Even if we look at the evidence statistically, by sheer numbers alone, it HAS to be me. How can ALL these people be wrong and me.. ME
… I’m okay???? Pfft! Impossible.
We must build dikes of courage to
hold back the flood of fear.~~Martin Luther King, Jr.
It wasn't impossible
and realizing that we are only responsible for self; both scared the shit out
of me and set me free in ways I had only previously imagined.
I was free
to:
Own my repercussions
<sounds fun eh?>
Forgive myself
and others
Lay out a
new strategy <it was and sometimes is STILL confusing>
RE-CREATE my
life <yes this IS fun>
Create and
implement boundaries <can be truly scary>
Make new
choices < really like this one>
Revel in
imperfect perfection
Love myself
and others in a way I didn’t think was possible for me.
Learn and
apply more positive, light affirming methods every day!!!
I do love me
NOW, I know this for sure.
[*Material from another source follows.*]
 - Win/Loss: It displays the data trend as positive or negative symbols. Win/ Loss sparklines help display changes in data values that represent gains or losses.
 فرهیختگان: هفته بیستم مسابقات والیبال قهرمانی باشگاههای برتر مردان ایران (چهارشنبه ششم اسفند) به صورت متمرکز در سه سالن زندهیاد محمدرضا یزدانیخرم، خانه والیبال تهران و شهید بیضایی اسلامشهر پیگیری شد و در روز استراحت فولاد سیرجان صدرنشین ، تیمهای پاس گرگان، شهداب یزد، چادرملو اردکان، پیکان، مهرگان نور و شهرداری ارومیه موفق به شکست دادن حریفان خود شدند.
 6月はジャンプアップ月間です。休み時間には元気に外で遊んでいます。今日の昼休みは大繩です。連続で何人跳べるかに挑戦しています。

The evidence
is all around me. This authentic journey
requires much courage. The type of
courage that will hold your hand in the middle of the night when you wish the facade
of a relationship was there to take up space in the dark vast of self where one
can get lost until the terrain is understood.
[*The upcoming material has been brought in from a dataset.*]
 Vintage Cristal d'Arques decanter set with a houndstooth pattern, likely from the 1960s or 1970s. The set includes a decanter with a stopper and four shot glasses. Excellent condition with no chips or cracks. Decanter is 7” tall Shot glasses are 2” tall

The kind of courage that will caress your spirit gently as ‘friends and
family’ walk away not knowing what to make of your ‘real’ self and newly set
boundaries, as you stay determined, even through the tears and the … ‘I thought
he or should would get it’ thoughts … it’s not always that they don’t get it,
it may be that they do, and they have not yet found their treasure trove of
courage yet.
So while you want to dance
around with your brand new BFF, ‘Courage’, it could be scaring the crap out of
those around you. Do you change your trajectory,
no, just become more understanding that not everyone will be thrilled to watch
how that courage drives you to do things that they at this time can only dream
of.
Life shrinks or expands in proportion
to one's courage. ~~Anais Nin
Bring it...
I’m ready! (I say COURAGEOUS with one
eye closed) lol it’s less scary that way.